**What you need to do**: Take the material below and extract the lines from the one with "[경남도민뉴스] 모잠비크 영부인" through the one with "Make your love", word for word, without pictures.

---- Excerpted records

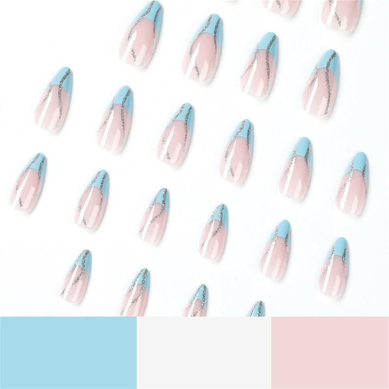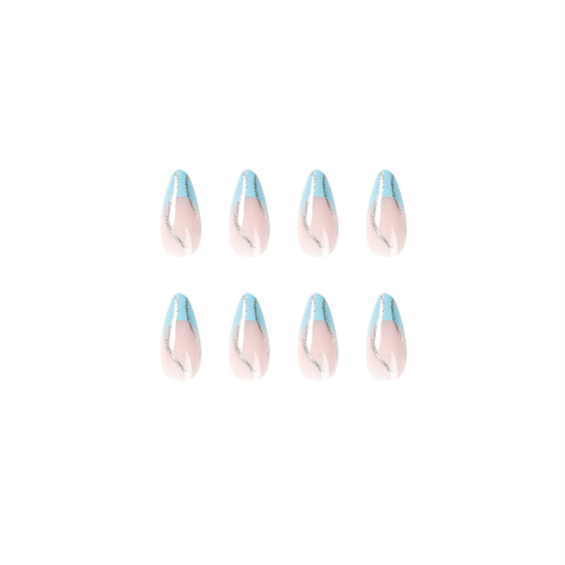 Glitter Waves Blue False Nail Short Almond Press on Nails for Nails Art 24pcs
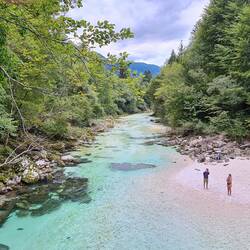 Slowenien stand auf Renis Wunschliste ganz oben, unter anderem wegen des Soča Trails, der entlang des Gletscherfluss Soča verläuft, umringt von den julischen Alpen. Und heute ist es endlich soweit: wir fahren mit einem Shuttlebus vom Campingplatz in das Tal und wandern 12 Kilometer am Fluss zurück. Wäre Timm schon fitter, hätten wir auch den gesamten Trail (25 km) gemacht, aber die schönsten Abschnitte sind auch ab der Hälfte zu sehen. Außerdem brauchen wir wegen der vielen tollen Aussichten und Fotomotive sowieso viiieeel länger für die Strecke.
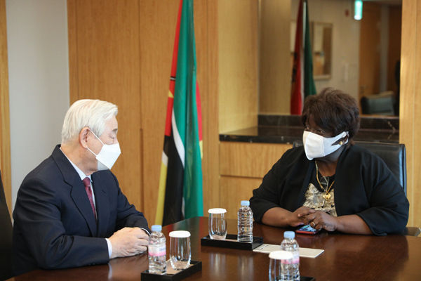 [경남도민뉴스] 모잠비크 영부인 이자우라 곤살루 페라웅 뉴시(Isaura Gonçalo Ferrão Nyusi) 여사가 국제청소년연합(IYF) 설립자 박옥수 목사와 면담하고, 마인드교육 프로그램에 큰 관심을 표명했다.
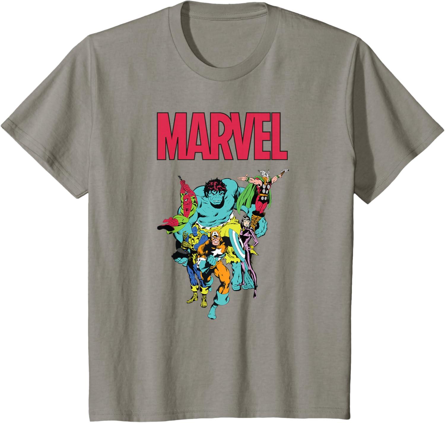 Make your love of Marvel Super Heroes a little bit retro with this official Marvel tee and hoodie, featuring eye-catchingly colored Silver Age comic art of Captain America, Iron Man, the Hulk, Thor, Black Widow, and Spider-Man, with the iconic Marvel logo above. A great gift for a Marvel, Avengers, or Spider-Man fan! Planning a trip to Avengers Campus at Disney California Adventure Park or another super destination? Get multiples to coordinate and match with friends and family for even more superhero-sized fun! Available in youth and adult sizes. Find it in a t-shirt, premium t-shirt, tank top, v-neck, long sleeve tee, hoodie, and sweatshirt.
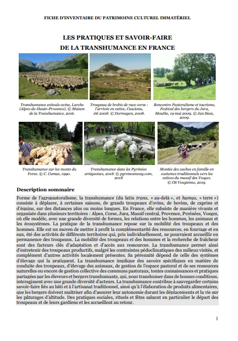 Forme de l’agropastoralisme, la transhumance(du latin trans, «au-delà», et humus, «terre»)consiste à déplacer, à certainessaisons, de grands troupeaux d’ovins, de bovins, de caprins et d’équins, sur des distances plus ou moins longues. En France, elle subsiste de manière vivante et organisée dans plusieurs territoires: Alpes, Corse, Jura, Massif central, Provence, Pyrénées,Vosges, où elle modèle, avec une grande diversité de formes, les relations entre les hommes, les animaux et les écosystèmes. La pratique de la transhumance repose sur la mobilité des troupeaux et des hommes. Elle est un moyen de mettre à profit la complémentarité des ressources, en fourrage et en eau, été des activités de différents territoires qui, pris individuellement, ne pourraient accueillir en permanence des troupeaux. La mobilité des troupeaux et des hommes et la recherche de fraîcheur sont des facteurs clés d’adaptation et d’accès aux ressources. La transhumance permet ainsi d’entretenir des troupeaux productifs, malgré les contraintes pédoclimatiques des milieux visités, et complément d’autres activités localement présentes. Sa pérennité dépend de celle des systèmes d’élevage qui la pratiquent. La transhumance implique des savoirs spécifiques en matière de conduite des troupeaux, d’élevage des animaux, de gestion de l’espace pastoral et de ses ressources naturelles ou encore de gestion collective des communs pastoraux, toutes connaissances et pratiques partagées par les éleveurs et bergers transhumants, qui, pour transhumer dans de bonnes conditions, interagissent avec une grande diversité d’acteurs. La transhumance contribue à sauvegarder certains savoir-faire liés au bâti et à l’artisanat traditionnel, ainsi qu’à l’élaboration de produits alimentaires, que les bergers doivent maîtriser afin d’assurer leur autonomie durant les déplacements et la vie sur les pâturages d’altitude. Des pratiques sociales, rituels et fêtes saluent en particulier le départ des troupeaux et de leurs gardiens et les accueillent au retour.
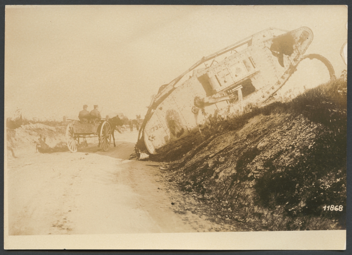 Bilden visar en förstörd Mark IV stridsvagn som har blivit liggande vid vägslänten. På högersida av fordonet syns ett hål och larvbandet som har sprukit.

--------

**Written solution**:
 [경남도민뉴스] 모잠비크 영부인 이자우라 곤살루 페라웅 뉴시(Isaura Gonçalo Ferrão Nyusi) 여사가 국제청소년연합(IYF) 설립자 박옥수 목사와 면담하고, 마인드교육 프로그램에 큰 관심을 표명했다.
 Make your love of Marvel Super Heroes a little bit retro with this official Marvel tee and hoodie, featuring eye-catchingly colored Silver Age comic art of Captain America, Iron Man, the Hulk, Thor, Black Widow, and Spider-Man, with the iconic Marvel logo above. A great gift for a Marvel, Avengers, or Spider-Man fan! Planning a trip to Avengers Campus at Disney California Adventure Park or another super destination? Get multiples to coordinate and match with friends and family for even more superhero-sized fun! Available in youth and adult sizes. Find it in a t-shirt, premium t-shirt, tank top, v-neck, long sleeve tee, hoodie, and sweatshirt.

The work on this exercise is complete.